* [DIRECTIONS FOR THIS TASK]
Lines before the one containing "A close-up view" are not wanted; restate the rest below word for word, through the last line, but drop any pictures.

-------- RAW DATA

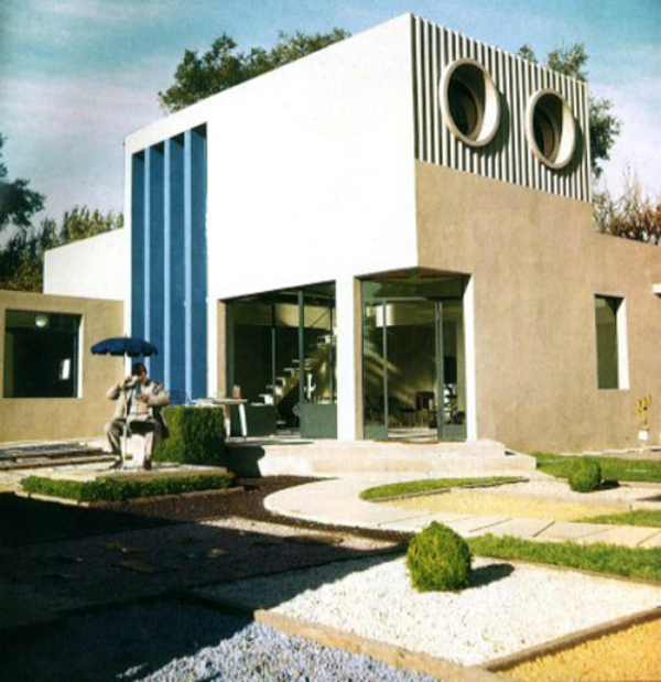 El gusto de Jacques Tati por la arquitectura está fuera de toda duda. En 1958, cuando rodó Mon oncle, las bondades estéticas de las case study houses ya estaban más que asentadas en la arquitectura residencial. Una realidad que no impidió a Tati una profunda labor de documentación para crear la Villa Arpel, ejemplo de vivienda unifamiliar ultramoderna separada del mundo real por un muro en el que solo se abre una puerta para entrar y salir en coche. Este tono de crítica social, en el que se contrapone la arquitectura futurista con la arquitectura caótica del París más urbano fue malinterpretada por muchos arquitectos de su época. Desafortunadamente, no supieron apreciar la dicotomía entre la vivienda aislada de su entorno y la vivienda tradicional, inmersa en su contexto y facilitadora de las relaciones humanas. Sea como fuere, la casa futurista de Tati es una delicia estética, con cada detalle cuidado al milímetro, desde el absurdo jardín, hasta el fantástico mobiliario diseñado por el propio director y por el guionista Jaques Lagrange. Todo un placer para la vista que invita a la reflexión y que fue premiado con el Oscar a la mejor película extranjera en 1959.
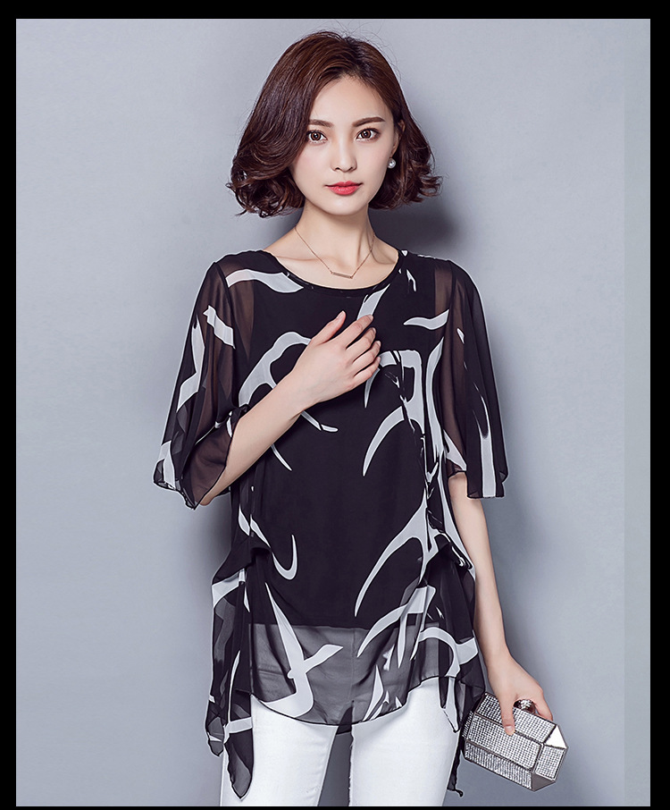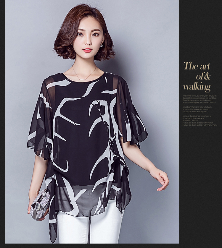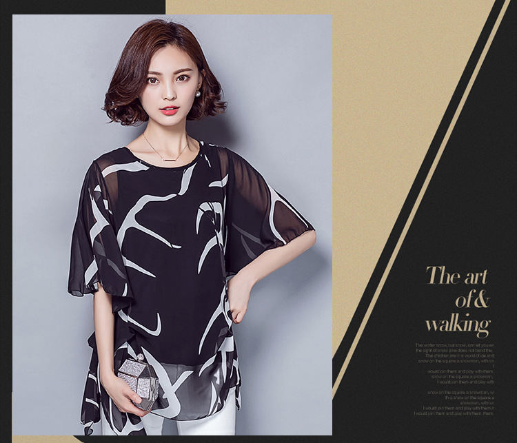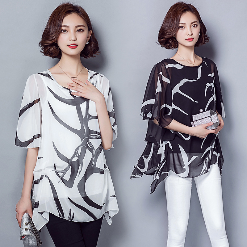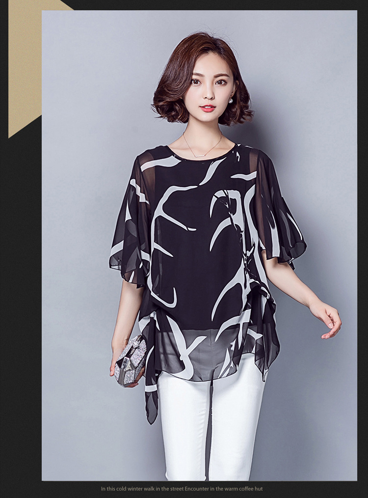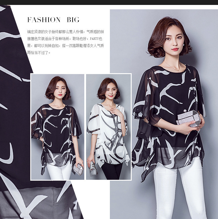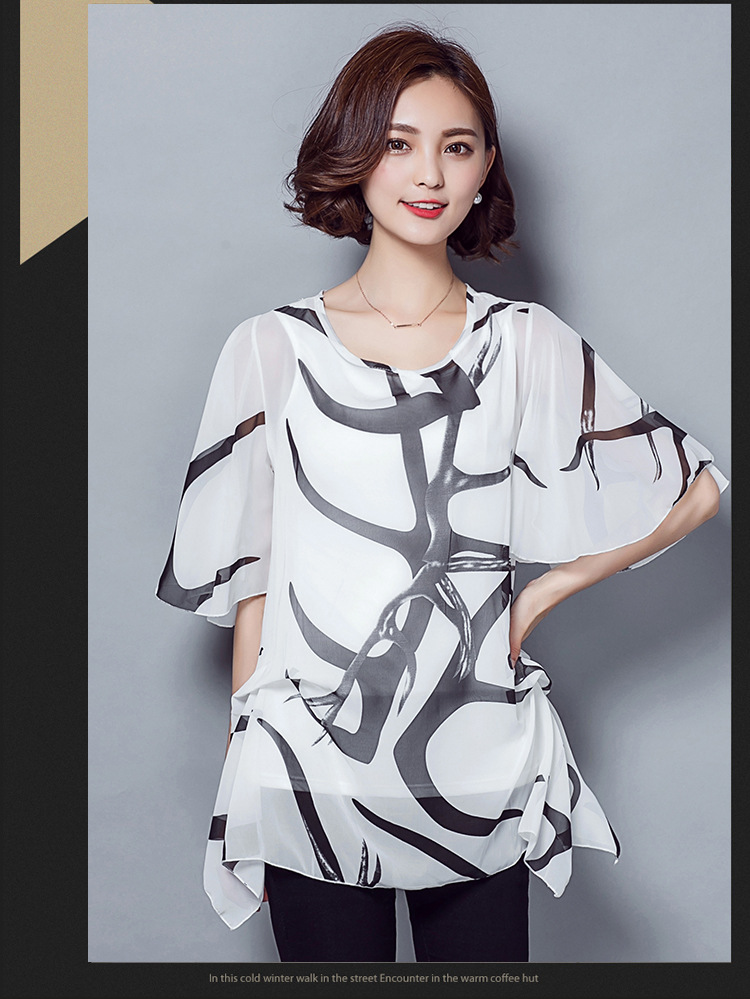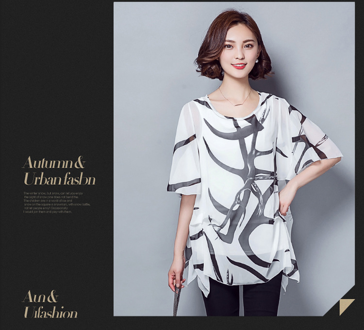 2023 봄 쉬폰 셔츠 플러스 사이즈 가짜 투피스 프린트 반팔 중간 길이 느슨한 혼 소매 탑 여성 의류스토어 가기
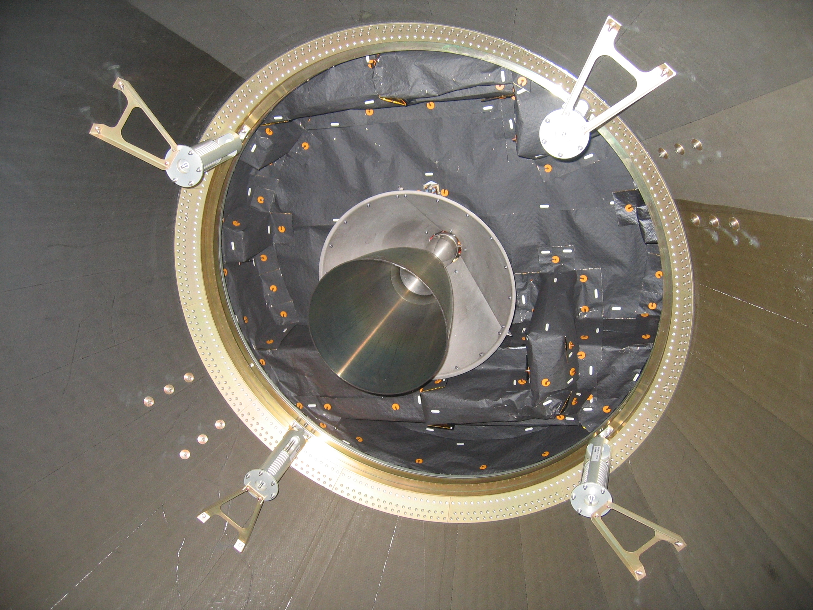 A close-up view of the main engine on the Venus Express during the assembly of the spacecraft.
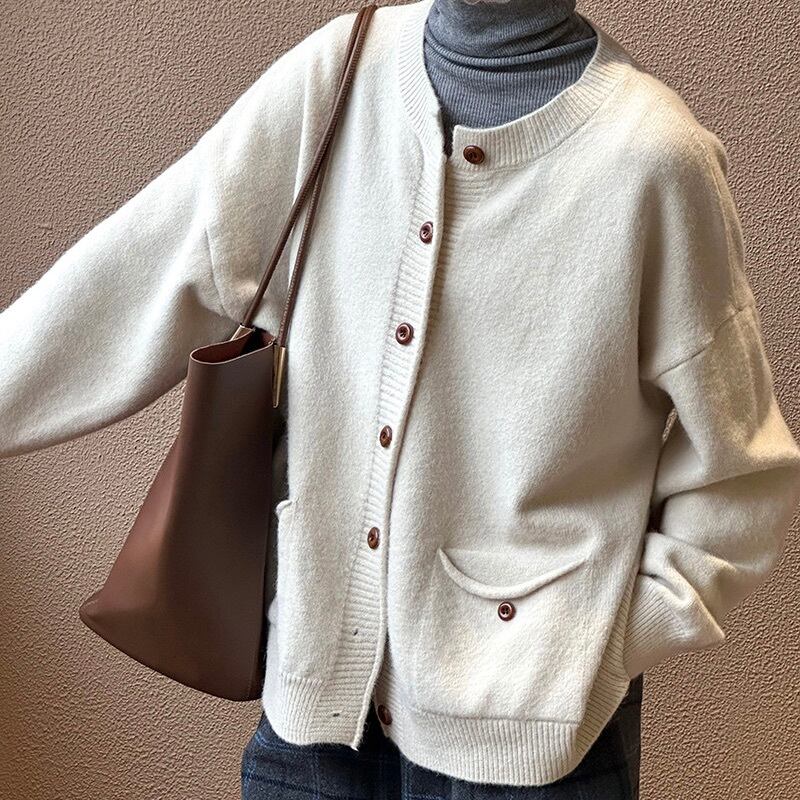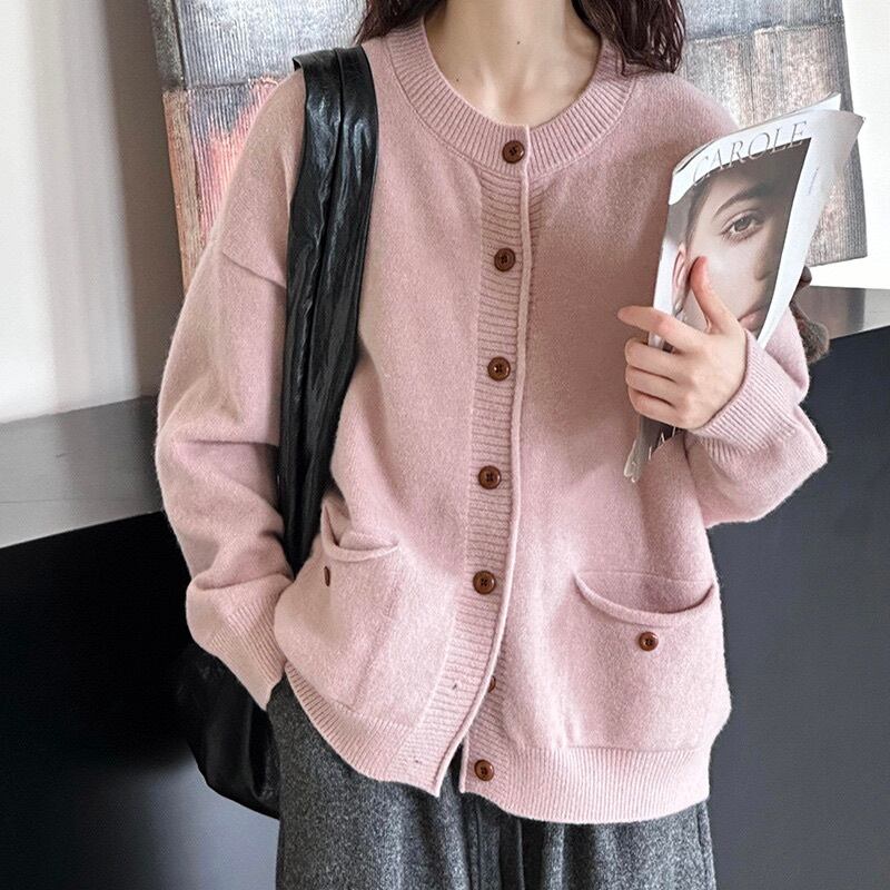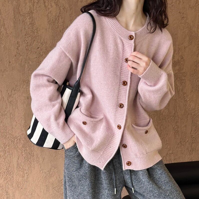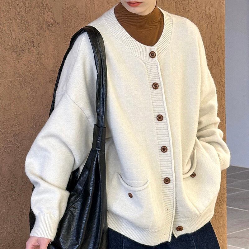 トップス ニット セーター カーディガン レディース 前開き 長袖 ラウンドネック オーバーサイズ フェミニン ストリート ポケット ボタン ヴィンテージ かわいい 大人可愛い シンプル カジュアル おしゃれ レトロ こなれ感 ラフ ガーリー 抜け感 キュート ベーシック カントリー ロマンティック ナチュラル 無地 デート お出かけ 旅行 女子会 休日 重ね着 韓国 オルチャン 体型カバー 普段使い 着回し トレンド 流行 インスタ映え 定番 ゆったり ゆる フリーサイズ 白 ホワイト グレー ピンク

----------------

* [EXERCISE RESPONSE]
 A close-up view of the main engine on the Venus Express during the assembly of the spacecraft.
 トップス ニット セーター カーディガン レディース 前開き 長袖 ラウンドネック オーバーサイズ フェミニン ストリート ポケット ボタン ヴィンテージ かわいい 大人可愛い シンプル カジュアル おしゃれ レトロ こなれ感 ラフ ガーリー 抜け感 キュート ベーシック カントリー ロマンティック ナチュラル 無地 デート お出かけ 旅行 女子会 休日 重ね着 韓国 オルチャン 体型カバー 普段使い 着回し トレンド 流行 インスタ映え 定番 ゆったり ゆる フリーサイズ 白 ホワイト グレー ピンク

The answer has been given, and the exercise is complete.